▸ Directions
Starting with the line that holds "One supporter filmed" and stopping after the line that holds "alte Ansichtskarte, gelaufen", repeat the lines below word for word, without the pictures.

--- Exercise materials ---

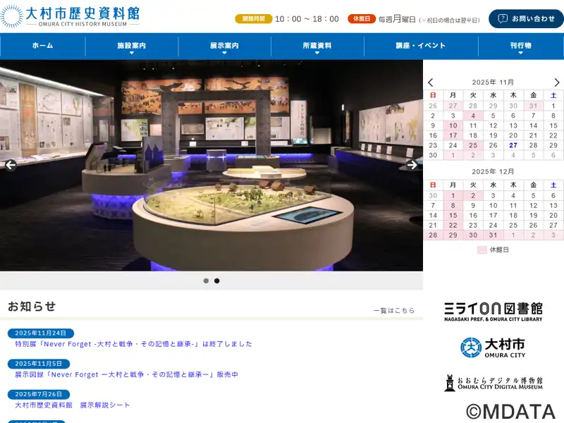 長崎県大村市の地域歴史博物館。大村市立史料館を前身とし、ミライon 図書館に併設して2019年に開館した。旧大村藩領に関する約2万6千点の歴史資料を収集・保存し、原始・古代から現代までの歩みを約200点の実物資料、模型や映像を交えて紹介している。中でも、弥生時代の富の原遺跡ジオラマ、三城城下を再現したマルチタッチモニター、キリシタン遺物のメダリオン「無原罪の聖母」や幕末維新期の書状などが見どころ。
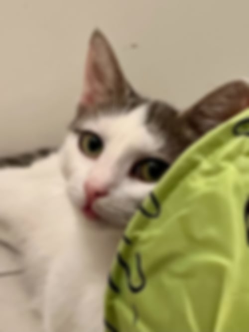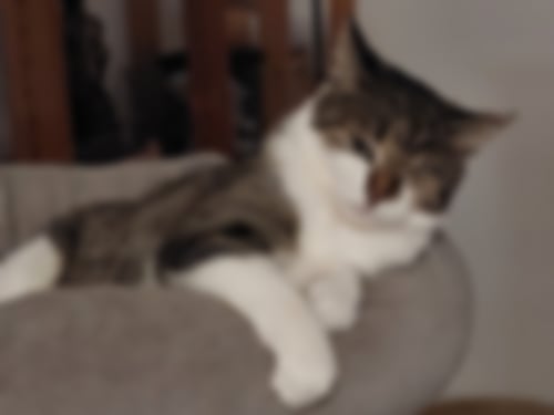 Bei Aura wurde ein sogenannter eosinophiler Granulomkomplex festgestellt. Das bedeutet: Sie könnte lebenslang auf Spezialfutter, regelmäßige Medikamente und tierärztliche Betreuung angewiesen sein. Doch wer sich für Aura entscheidet, bekommt eine anhängliche, liebevolle Katze mit außergewöhnlichem Charakter und viel Dankbarkeit im Herzen.
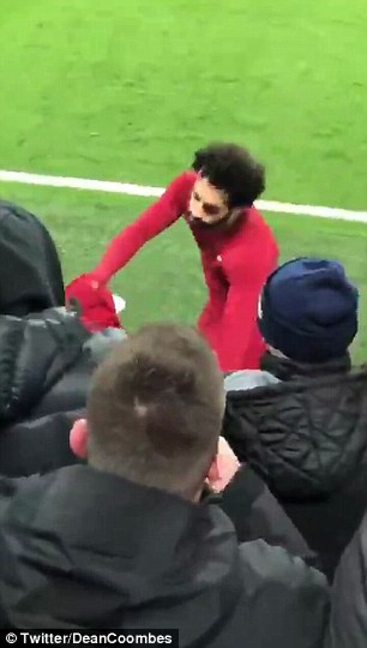 One supporter filmed the exchange and graced Salah as 'the Egyptian King' as he rewarded the young kid for his patience throughout.
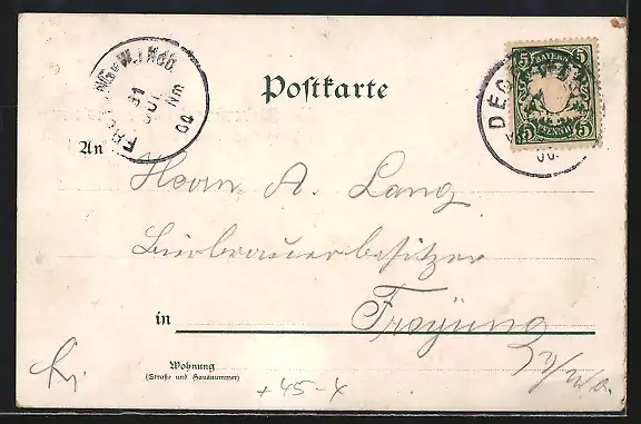 alte Ansichtskarte, gelaufen 1900, Eckknicke li., Abriebspur li. unten, guter Zustand
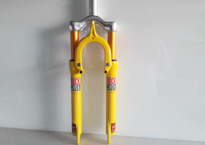 While ago I got an opportunity to restore a 1995 Rock Shox JUDY SL fork in its original yellow colour, and to fully riding condition. Time left and the fork has gone from my workshop. Today I've got yet another opportunity to restore another JUDY SL. I decided to make this restoration rather incomplete, as an "open project", and let someone else finish it. I started this restoration with my spare lower legs and cantilever brake arch I had unused for a long time. Rock Shox JUDY SL forks have been iconic since the '90s and therefore I wanted to make the restoration in the most wanted yellow colour. A key for the restoration was to find as original JUDY colour as possible and this is my choice. Finally, I decided to make this restoration more authentic, therefore I`ve made some "patina" usage. The lower legs got a set of JUDY SL decals.

---

▸ Exercise output
 One supporter filmed the exchange and graced Salah as 'the Egyptian King' as he rewarded the young kid for his patience throughout.
 alte Ansichtskarte, gelaufen 1900, Eckknicke li., Abriebspur li. unten, guter Zustand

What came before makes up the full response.